FieldDoes the mention of the word “statistics” strike fear into your heart and send shivers down your spine? The results section of your thesis seeming like that dark place one should avoid at all cost? Heteroscedasticity gives you nightmares? You dread having to explain to someone what degrees of freedom are? What is the point of using ANOVA if we can do a series of t-tests? If any of these remind you of the pain of understanding statistics, or the dread of how much more lies ahead during your studies, when all you really want is someone to explain it in a humanly understandable way—look no further. Quite a few fellow students might tell you “You should go and look at Andy Field’s books. Now, at least, I understand stats”. The “Discovering statistics using …” is a gentle, student friendly introduction to statistics. Principles are introduced at a slow pace, with plenty of workable examples so that anyone with basic maths skills will be able to digest it.
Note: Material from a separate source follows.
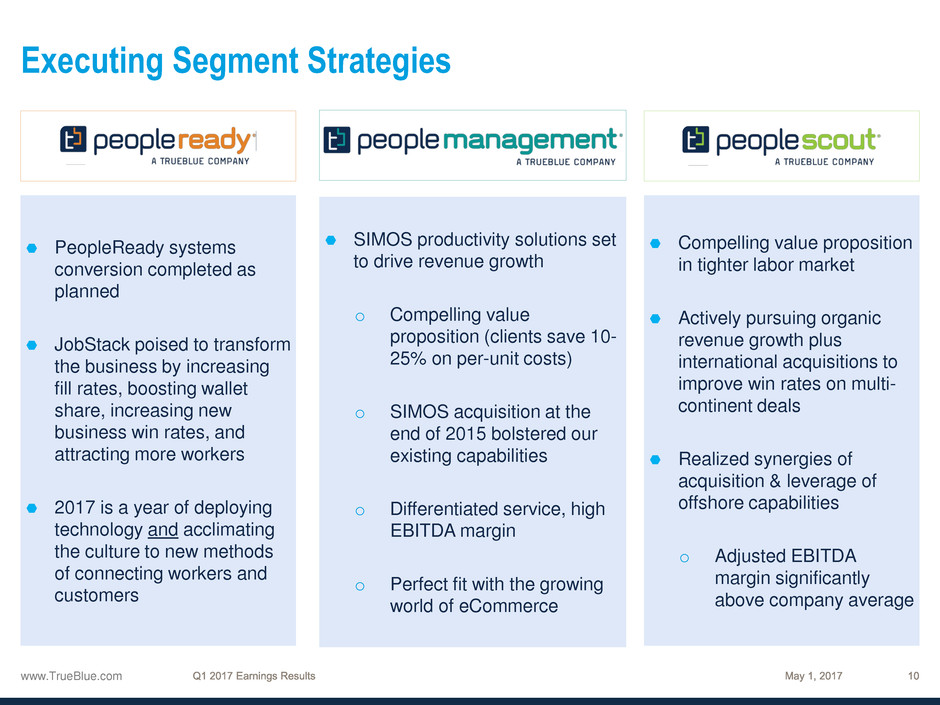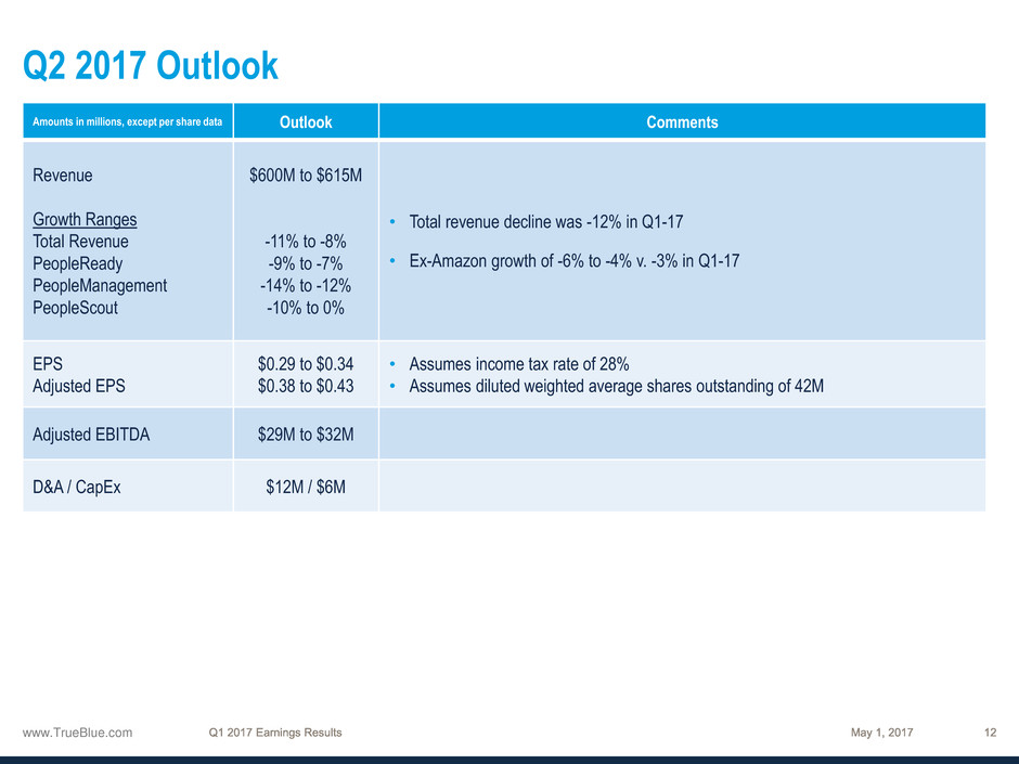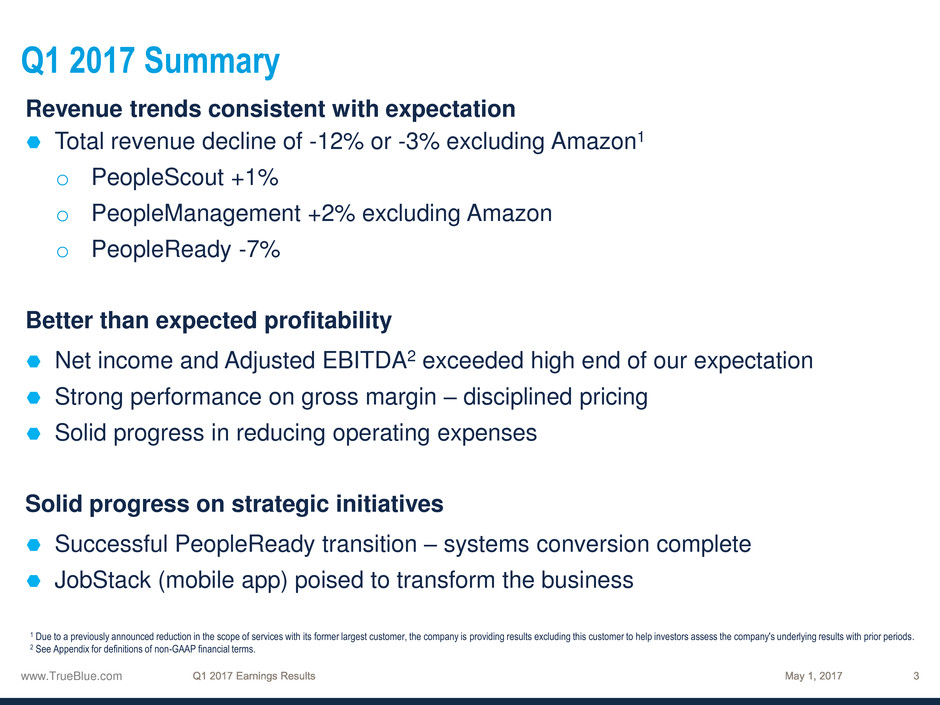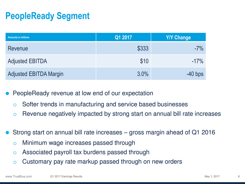 1 Q1-17 effective tax rate of 28% v. Q1-16 of 8% due primarily to timing of Work Opportunity Tax credits.

Now add a lens of humor and sarcasm that will have you giggling about statistics in no time!

There is a new book!

As JEPS has been excited about introducing Bayesian statistics into the lives of more psychology students (see here, here, and here for introductions, and here for software to play around with the Bayesian approach), the idea of a new book by Andy Field—whose work many of us love and wholeheartedly recommend—which incorporates this amazing approach was thrilling news.

We used this occasion to talk to Andy Field—who is he, what motivates him, and what are his thoughts on the future of psychology?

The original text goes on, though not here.